Beyond the 6 mRNAs targeted by miR-34a and miR-195, there were many mRNAs that were increased and decreased in U-87 astrocytoma RISC that were directly (solid black arrows) or indirectly (dashed black arrows) connected through another molecule within the same pathway (Figure 10). Central mRNAs with decreased expression in which 4 or more other mRNAs converged included insulin-like growth factor 2 (IGF2, −2.870), fibulin 1 (FBLN1*, −2.370), thrombospondin 1 (THBS1*, −3.710) and chemokine C-X-C motif ligand 12 (CXCL12*, −2.490) all of which have functions in apoptosis, proliferation and migration (Figure 10). Central mRNAs with increased expression in which 4 or more other mRNAs converged included epiregulin (EREG, 3.100), chemokine C-C motif ligand 3 (CCL3, 2.330), chemokine C-X-C motif ligand 2 (CXCL2, 2.250), interleukin 1 alpha (IL1A*, 2.340), interleukin 1 beta (IL1B*, 2.440), interleukin 1 receptor antagonist (IL1RN*, 2.280), tumor necrosis factor alpha induced protein factor 6 (TNFAIP6, 2.000), transforming growth factor alpha (TGFA*, 2.660), prostaglandin-endoperoxide synthase 2 (PTGS2*, 2.530), matrix metallopeptidase 3 (MMP3, 2.770) and matrix metallopeptidase 12 (MMP12, 2.340) which have functions in apoptosis, migration, proliferation and invasion (Figure 10). The mRNAs that are involved in key canonical pathways are indicated by labels and include Systemic Lupus Erythematosus signalling, p38 MAPK signalling, clathrin-mediated endocytosis signalling, pathogenesis of multiple sclerosis and others (Figure 10). The majority (>90%) of these mRNAs localized to U-87 astrocytoma RISC are associated with tumorigenesis and cancer (label not shown on biological pathway to avoid figure crowding), which suggests the miRNA-loaded RISC is a key regulator of mRNAs involved in cancer and cell cycle regulation in U-87 astrocytoma cells.
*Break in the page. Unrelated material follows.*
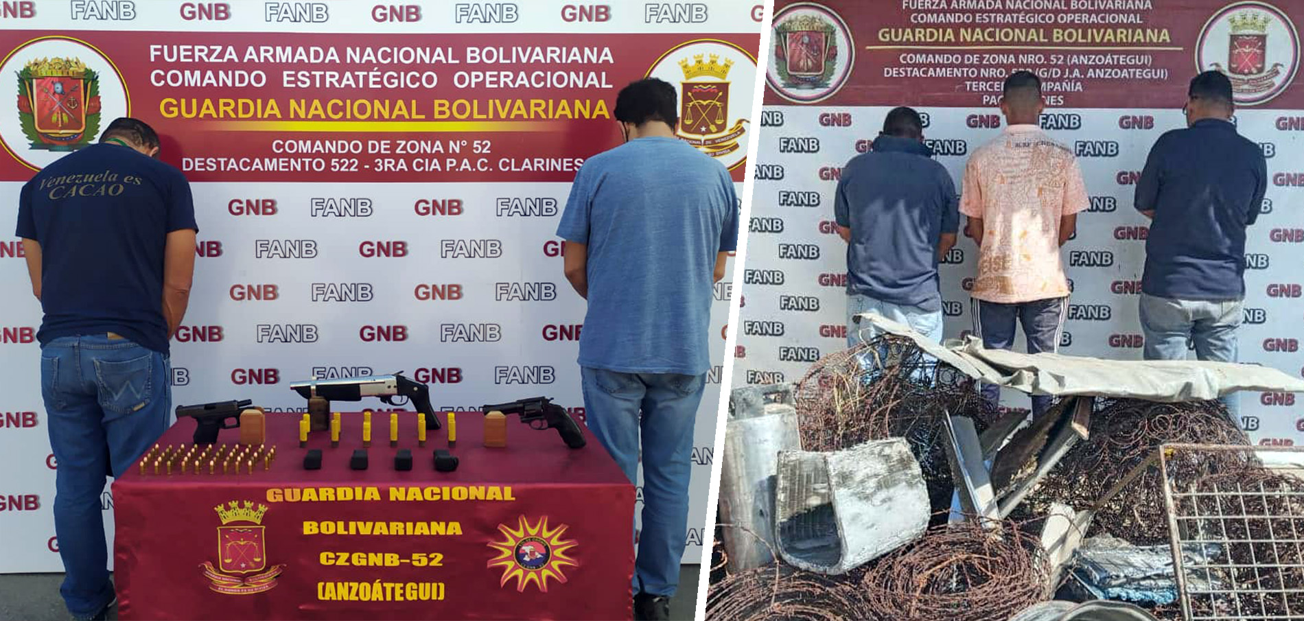 Barcelona.- Durante labores permanentes de patrullaje, efectivos del Comando de Zona N° 52 de la Guardia Nacional Bolivariana (GNB), lograron desmantelar seis Grupos Estructurados de Delincuencia Organizada (GEDO) al transcurrir la primera semana del mes de febrero, que dio como resultado la captura de 20 personas y la incautación de siete armas de fuego, en distintos municipios del estado Anzoátegui.

The hypothesis was the RISC-specific miRNA and mRNA components will not only differ between malignant and non-malignant cells of the same cell lineage, but will also differ between cells originating from different organs. In this study, evidence is provided that RISC contains miRNA and mRNA species whose levels are increased or decreased compared to the global cellular miRNA and mRNA levels and differ in miRNA and mRNA composition between cell types, although the overall functional impact of these differences remains to be elucidated. In order to go beyond reporting log2 values of various miRNA and mRNA species within GW/P bodies/RISC compared to the whole cell fraction for the two human cell types used, our study employed the use of IPA software to contextualize the dataset in terms of disease and molecular pathways. Limitations of IPA analysis of microarray data are acknowledged and other interpretations and conclusions with respect to our data are possible. Nevertheless, IPA remains a useful method to assign disease/pathway relevance to multiple miRNA and mRNA species across cell lines and from multiple experiments without endeavouring to perform time- and cost-intensive functional analysis on an individual miRNA or mRNA. The IPA predicted targets and specific functions of mRNA and miRNAs within the RISC must be validated by in vitro or in vivo functional studies.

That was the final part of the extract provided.